What you need to do:
Produce as output only the lines below starting at the line with "江西省宜春市上高縣金塔鋼結構有限公司生產車間內,工人們正在忙碌著。陳旗海攝" and continuing through the line with "InnoDB 中,主键索引和辅助索引是有一个主次之分的。", each one exactly as written.

** Given information follows **

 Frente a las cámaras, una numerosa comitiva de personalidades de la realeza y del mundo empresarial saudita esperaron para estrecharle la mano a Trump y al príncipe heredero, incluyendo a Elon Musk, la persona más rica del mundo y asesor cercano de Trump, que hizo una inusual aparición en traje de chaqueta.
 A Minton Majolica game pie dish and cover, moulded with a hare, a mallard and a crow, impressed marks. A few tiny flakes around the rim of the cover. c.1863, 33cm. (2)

** End of Given information **
** Given information follows **

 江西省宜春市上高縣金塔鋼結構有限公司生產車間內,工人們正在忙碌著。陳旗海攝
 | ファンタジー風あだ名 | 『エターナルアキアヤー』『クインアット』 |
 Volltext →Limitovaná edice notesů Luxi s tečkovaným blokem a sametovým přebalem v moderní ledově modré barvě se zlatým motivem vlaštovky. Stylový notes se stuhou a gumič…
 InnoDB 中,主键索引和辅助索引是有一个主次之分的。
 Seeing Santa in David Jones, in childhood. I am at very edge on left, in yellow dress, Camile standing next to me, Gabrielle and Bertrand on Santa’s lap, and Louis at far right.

** End of Given information **

Task answer:
 江西省宜春市上高縣金塔鋼結構有限公司生產車間內,工人們正在忙碌著。陳旗海攝
 | ファンタジー風あだ名 | 『エターナルアキアヤー』『クインアット』 |
 Volltext →Limitovaná edice notesů Luxi s tečkovaným blokem a sametovým přebalem v moderní ledově modré barvě se zlatým motivem vlaštovky. Stylový notes se stuhou a gumič…
 InnoDB 中,主键索引和辅助索引是有一个主次之分的。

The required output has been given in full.